README.md

Experiments and Results

The following is mostly outdated and should be recycled/updated:

Model

Basically GPT, but with slightly different attention/loss mask (see agenda above)
Targeting 175-200B parameters, seq length 512 or 1024, adam optimizer
Note: our nodes have 128GB total gpu memory each -> need sharding (model weights alone are 350GB in fp16!)
Note 2: may need to adjust expectations based on estimated training time (pending)
Subsequent runs: consider encoder-decoder arch? longer sequences? adafactor?

Making it train:

Candidates for run1: deepspeed-gpt and megatron-gpt. Save fairscale/t5/custom for later. Use reference training code instead of integrating.
Only consider training nodes with 4x V100-32GB because there are too few 8x nodes in JZ
Current strategy: fully sharded data-parallel between nodes, arbitrary black magic within one node.
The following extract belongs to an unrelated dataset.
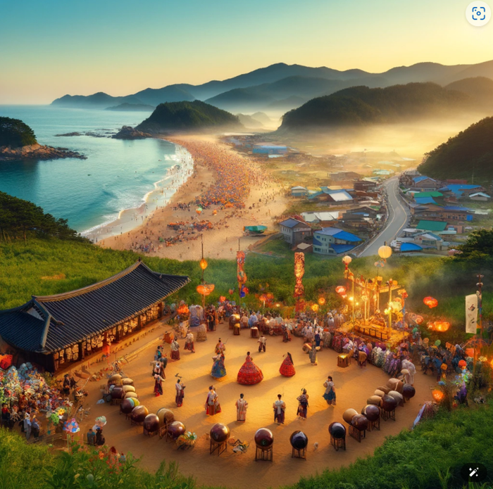 오후 2시부터는 동해안 해변에서 달집 태우기 행사가 진행됩니다. 달집은 나무로 만들어진 구조물로, 소원을 담아 태우는 행사입니다.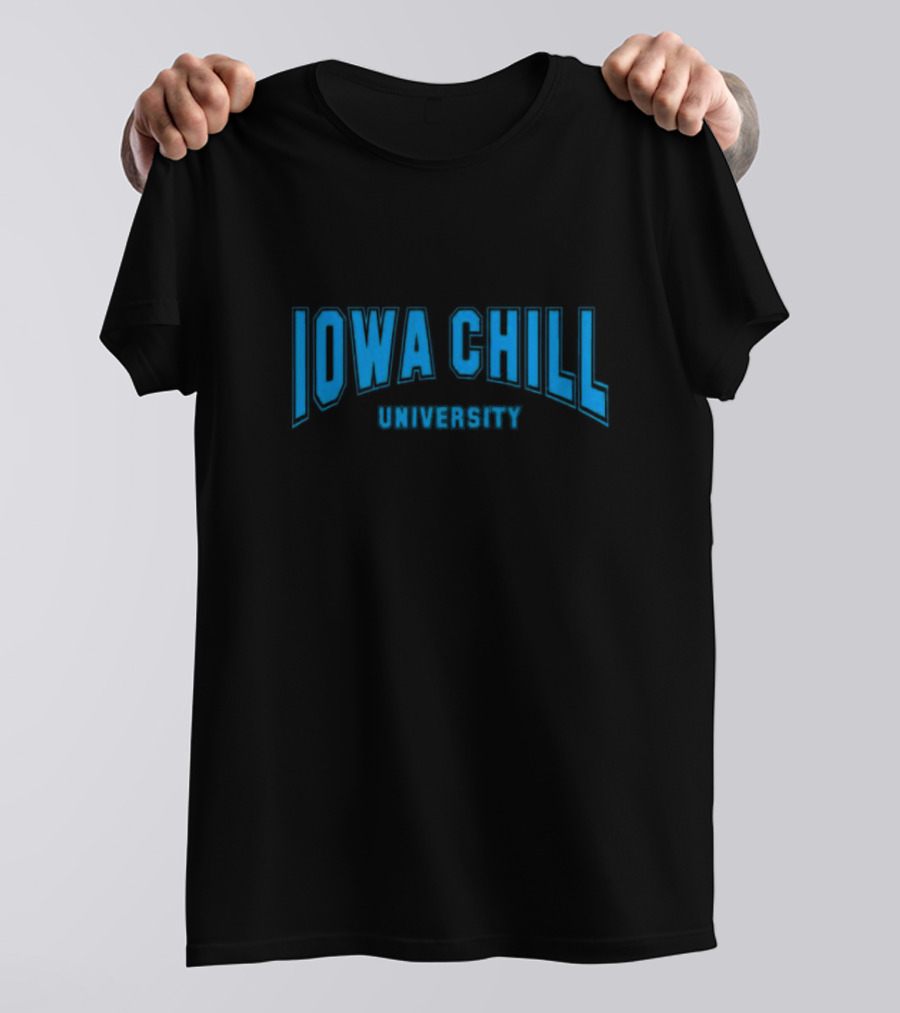 Iowa Chill University Blue Collegiate Shirt made from 100% pre-shrunk ring-spun cotton, unisex regular fit based on U.S. standard sizing. The shirt is designed, cut, sewn, and printed in the United States. Available in sizes S-5XL.

For each framework, we need to measure (hackathon participants + Sidd + Laurel)

maximum number of parameters that we can train on 1 node
minimum number of nodes to fit 175B-parameter model (num_layers/dmodel/dhead: from gpt3 table 2.1)
training throughput (i.e. training tokens per second in both configurations)
Once we get through the initial debugging, ask microsoft/nvidia teams to sanity-check our configs for DS/Megatron respectively

Investigate:

@Stas measured allreduce bandwidth between two nodes as ~135Gbps, now he's is investigating if we can get closer to the theoretical max = 400Gbps
Estimated training time for 175B parameters - based on training throughput in megatron/deepspeed tech reports; estimated time to "reasonable performance". (TODO @Yozh and @Max Ryabinin). Sanity-check whether the 8-node servers are indeed too few to train in reasonable time.
Figure out the how to introduce semi-autoregressive attention mask (and loss mask) to the code of deepspeed and megatron-LM training configs (looking for volunteers!)

Next steps:

After Stas figures out the bandwidth, we need to measure how performance scales with #nodes using data-parallel training.
Ask/measure how many server nodes can we reliably provision with JZ. Find the optimal trade-off between #nodes vs training time.
a quick preliminary run with the same configuration, but fewer parameters ... and we can unleash the beast!